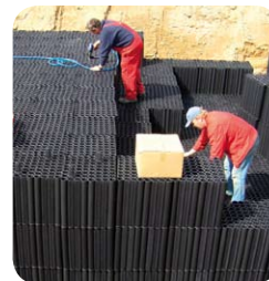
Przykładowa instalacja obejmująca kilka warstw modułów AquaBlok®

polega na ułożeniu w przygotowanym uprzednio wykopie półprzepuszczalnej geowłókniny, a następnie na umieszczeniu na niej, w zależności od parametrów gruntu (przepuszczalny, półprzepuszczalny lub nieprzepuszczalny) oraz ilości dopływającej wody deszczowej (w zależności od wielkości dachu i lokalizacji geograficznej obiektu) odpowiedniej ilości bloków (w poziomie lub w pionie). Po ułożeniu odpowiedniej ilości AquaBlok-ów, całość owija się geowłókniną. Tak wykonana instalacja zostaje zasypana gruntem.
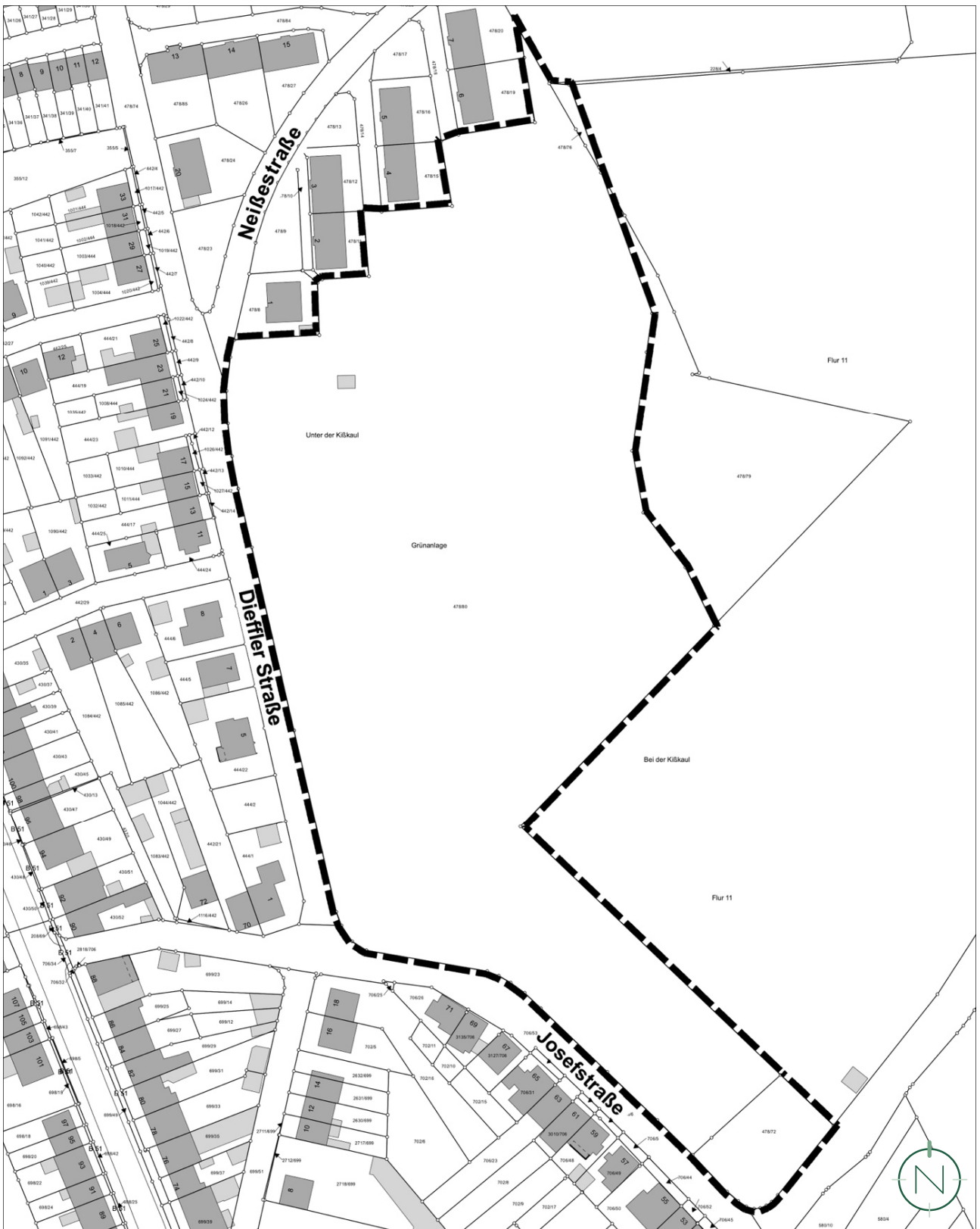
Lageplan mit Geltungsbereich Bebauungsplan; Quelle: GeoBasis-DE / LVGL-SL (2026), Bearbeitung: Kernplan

◆ ◆ ◆ ◆

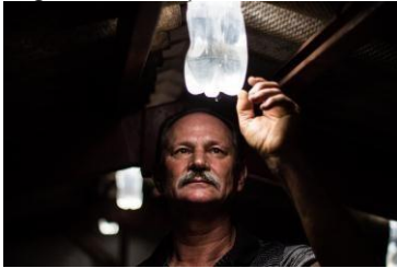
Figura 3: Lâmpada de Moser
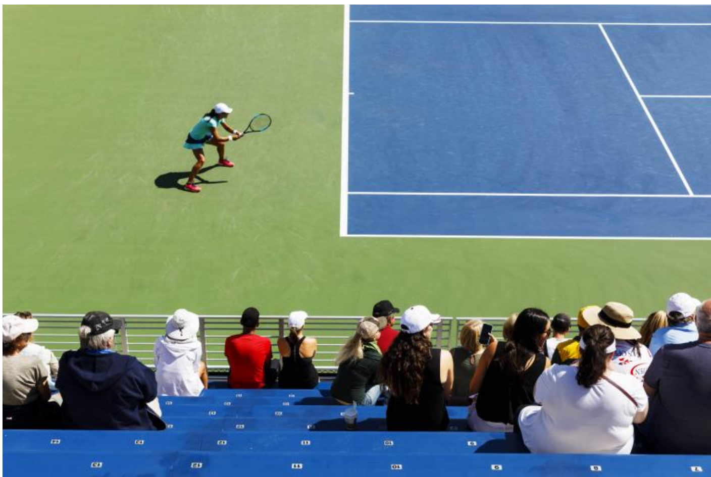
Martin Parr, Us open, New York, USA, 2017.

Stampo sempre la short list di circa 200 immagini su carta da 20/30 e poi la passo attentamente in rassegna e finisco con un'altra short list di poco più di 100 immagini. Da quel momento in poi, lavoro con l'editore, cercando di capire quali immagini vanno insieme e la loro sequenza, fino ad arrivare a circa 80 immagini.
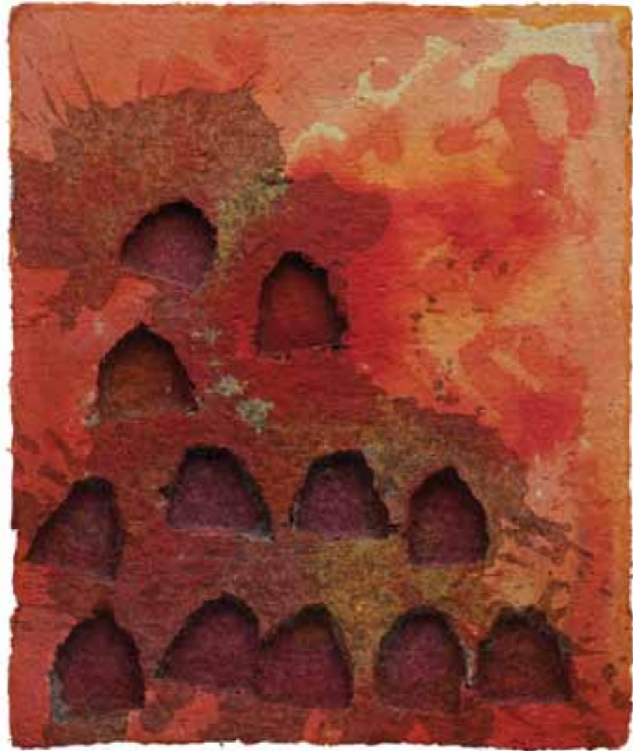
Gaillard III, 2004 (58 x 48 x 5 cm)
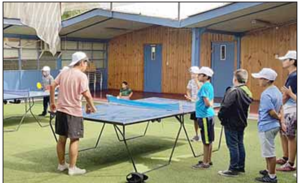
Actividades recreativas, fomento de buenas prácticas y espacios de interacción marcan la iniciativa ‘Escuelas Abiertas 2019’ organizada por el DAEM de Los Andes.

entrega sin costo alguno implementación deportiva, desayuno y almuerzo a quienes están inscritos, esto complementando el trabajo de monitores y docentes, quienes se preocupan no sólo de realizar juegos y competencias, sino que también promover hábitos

◆ ◆ ◆ ◆

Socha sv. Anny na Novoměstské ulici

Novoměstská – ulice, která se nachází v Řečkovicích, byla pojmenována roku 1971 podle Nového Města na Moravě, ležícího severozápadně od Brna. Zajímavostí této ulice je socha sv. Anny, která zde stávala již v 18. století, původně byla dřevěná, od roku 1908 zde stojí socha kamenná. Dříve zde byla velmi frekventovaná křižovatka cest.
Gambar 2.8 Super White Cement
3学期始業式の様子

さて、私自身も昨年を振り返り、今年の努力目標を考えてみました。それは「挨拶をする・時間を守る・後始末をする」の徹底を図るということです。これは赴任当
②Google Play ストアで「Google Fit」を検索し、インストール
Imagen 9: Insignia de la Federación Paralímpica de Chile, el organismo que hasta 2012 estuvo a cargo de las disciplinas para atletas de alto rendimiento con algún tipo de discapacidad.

◆ ◆ ◆ ◆

Your goal =>
The copy should hold only the lines from the one with "Martin Parr, Us open, New York, USA, 2017." through the one with "entrega sin costo", exactly as they stand above. Leave out the pictures.

The answer =>
Martin Parr, Us open, New York, USA, 2017.

Stampo sempre la short list di circa 200 immagini su carta da 20/30 e poi la passo attentamente in rassegna e finisco con un'altra short list di poco più di 100 immagini. Da quel momento in poi, lavoro con l'editore, cercando di capire quali immagini vanno insieme e la loro sequenza, fino ad arrivare a circa 80 immagini.
Gaillard III, 2004 (58 x 48 x 5 cm)
Actividades recreativas, fomento de buenas prácticas y espacios de interacción marcan la iniciativa ‘Escuelas Abiertas 2019’ organizada por el DAEM de Los Andes.

entrega sin costo alguno implementación deportiva, desayuno y almuerzo a quienes están inscritos, esto complementando el trabajo de monitores y docentes, quienes se preocupan no sólo de realizar juegos y competencias, sino que también promover hábitos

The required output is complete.